Stored entries
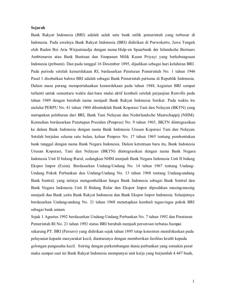 Swot Bank Bri | PDF - Scribd Analisis Swot Bank Bri Unduh sekarang Lompat ke Halaman Anda di halaman 1dari 8 Cari di dalam dokumen Tugas Manajemen Stratejik Posted on May 11, 2014 LATAR BELAKANG, STRATEGI, dan TAKTIK PERUSAHAAN Bank Rakyat Indonesia (BRI) adalah salah satu bank milik pemerintah yang terbesar di Indonesia.
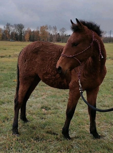 American Bashkir Curly mare, born in 2022, approximately 14.1 hh – with exceptional movement and a lot of personality With a heavy heart – for personal reasons – I am seeking a suitable, long-term home for my American Bashkir Curly mare. This is not an urgent sale. She is a young, very alert and personable mare with a strong presence. Curious, playful, yet attentive and sensitive in handling. She enjoys human contact very much and willingly allows grooming and handling. She is well-behaved, halter-trained, and easily led. She handles solo walks with her handler confidently and calmly. She is already familiar with ground work, as well as various environmental stimuli such as cars, dogs, and children. She was raised in a herd and is accustomed to both pasture and stable with paddock. She is very tidy in her stable. Within the herd, she establishes herself confidently and shows self-assurance. Farrier and veterinarian visits are no problem for her. She is loading well, healthy, vaccinated, and in excellent condition. Currently, she is being gradually and gently prepared for further training, appropriate to her age. Her movement is particularly noteworthy: She demonstrates good scope, rhythm, and a smooth, supple gait with additional quality. Color: Brown with year-round lightly curly Curly coat, dark legs Height: approx. 14.1 hh Awarded as a foal at licensing. Pedigree available; details gladly upon request. Transport can be arranged at an additional cost. Accessories can also be provided for an extra fee. Regularly vaccinated, dewormed, and in good health. The last three photos show her parents. Deliah Sire: Django – Black (Rappe) Dam: Desba – Brown
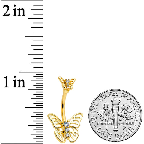 Clear CZ Gem Gold Tone Open Butterfly Double Mount Belly Ring
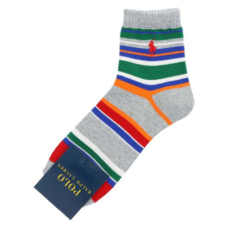 ポロラルフローレン オーガニックコットン混 マルチボーダー ショート丈ソックス メンズ
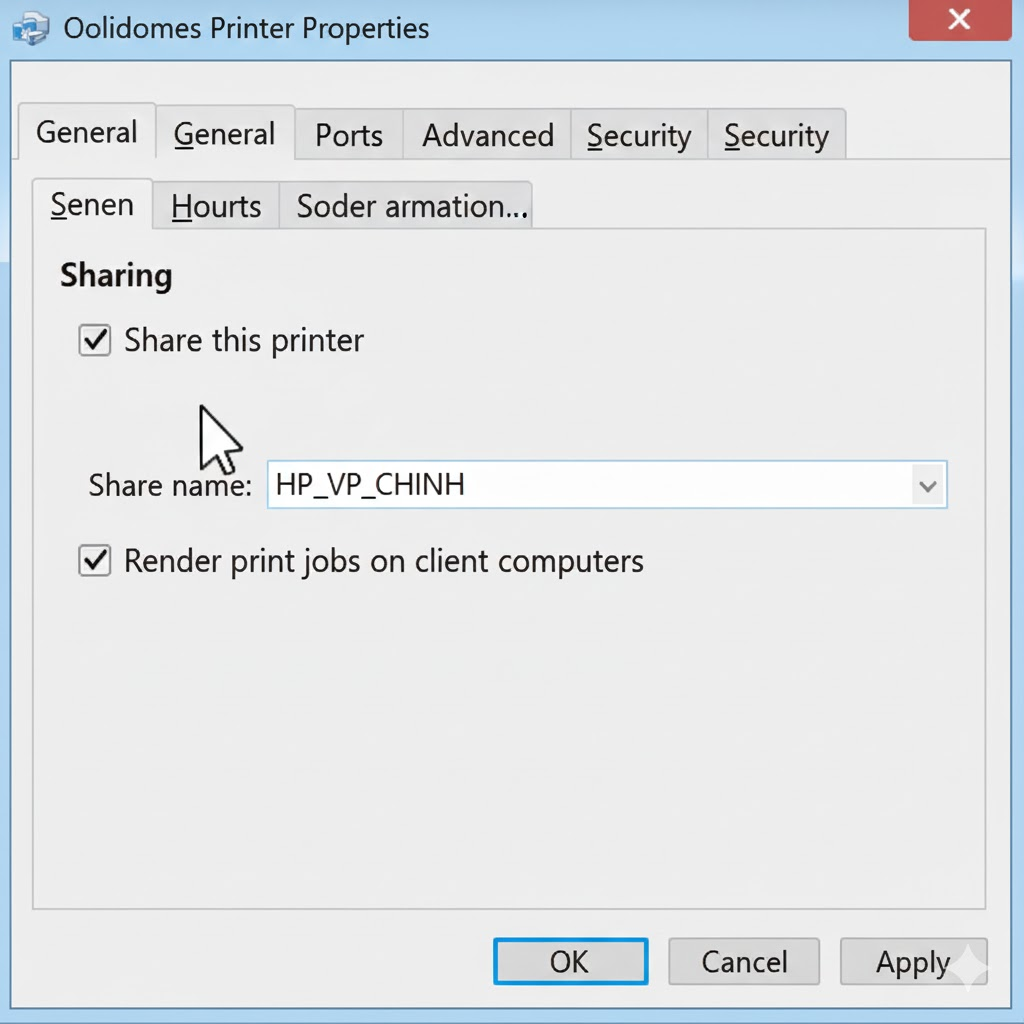 - Tích chọn vào ô “Share this printer” (Chia sẻ máy in này).
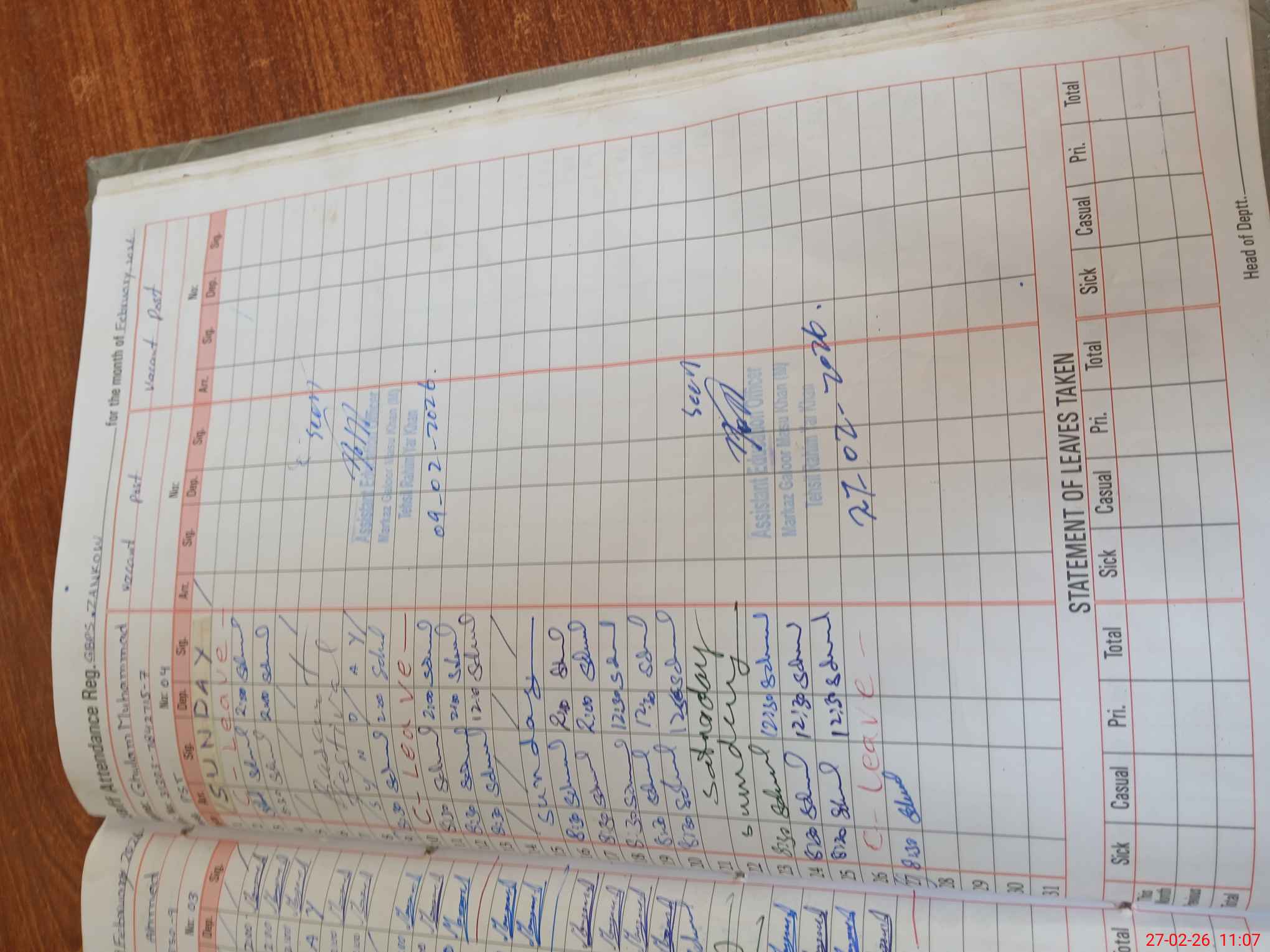 | Leave | Duty | Absent | Maternity | Medical | Ex- Pak |

▸ **TASK PROMPT**
Pictures do not belong in the copy. Reproduce the rest of the data exactly.

▸ **WORKED SOLUTION**
 Swot Bank Bri | PDF - Scribd Analisis Swot Bank Bri Unduh sekarang Lompat ke Halaman Anda di halaman 1dari 8 Cari di dalam dokumen Tugas Manajemen Stratejik Posted on May 11, 2014 LATAR BELAKANG, STRATEGI, dan TAKTIK PERUSAHAAN Bank Rakyat Indonesia (BRI) adalah salah satu bank milik pemerintah yang terbesar di Indonesia.
 American Bashkir Curly mare, born in 2022, approximately 14.1 hh – with exceptional movement and a lot of personality With a heavy heart – for personal reasons – I am seeking a suitable, long-term home for my American Bashkir Curly mare. This is not an urgent sale. She is a young, very alert and personable mare with a strong presence. Curious, playful, yet attentive and sensitive in handling. She enjoys human contact very much and willingly allows grooming and handling. She is well-behaved, halter-trained, and easily led. She handles solo walks with her handler confidently and calmly. She is already familiar with ground work, as well as various environmental stimuli such as cars, dogs, and children. She was raised in a herd and is accustomed to both pasture and stable with paddock. She is very tidy in her stable. Within the herd, she establishes herself confidently and shows self-assurance. Farrier and veterinarian visits are no problem for her. She is loading well, healthy, vaccinated, and in excellent condition. Currently, she is being gradually and gently prepared for further training, appropriate to her age. Her movement is particularly noteworthy: She demonstrates good scope, rhythm, and a smooth, supple gait with additional quality. Color: Brown with year-round lightly curly Curly coat, dark legs Height: approx. 14.1 hh Awarded as a foal at licensing. Pedigree available; details gladly upon request. Transport can be arranged at an additional cost. Accessories can also be provided for an extra fee. Regularly vaccinated, dewormed, and in good health. The last three photos show her parents. Deliah Sire: Django – Black (Rappe) Dam: Desba – Brown
 Clear CZ Gem Gold Tone Open Butterfly Double Mount Belly Ring
 ポロラルフローレン オーガニックコットン混 マルチボーダー ショート丈ソックス メンズ
 - Tích chọn vào ô “Share this printer” (Chia sẻ máy in này).
 | Leave | Duty | Absent | Maternity | Medical | Ex- Pak |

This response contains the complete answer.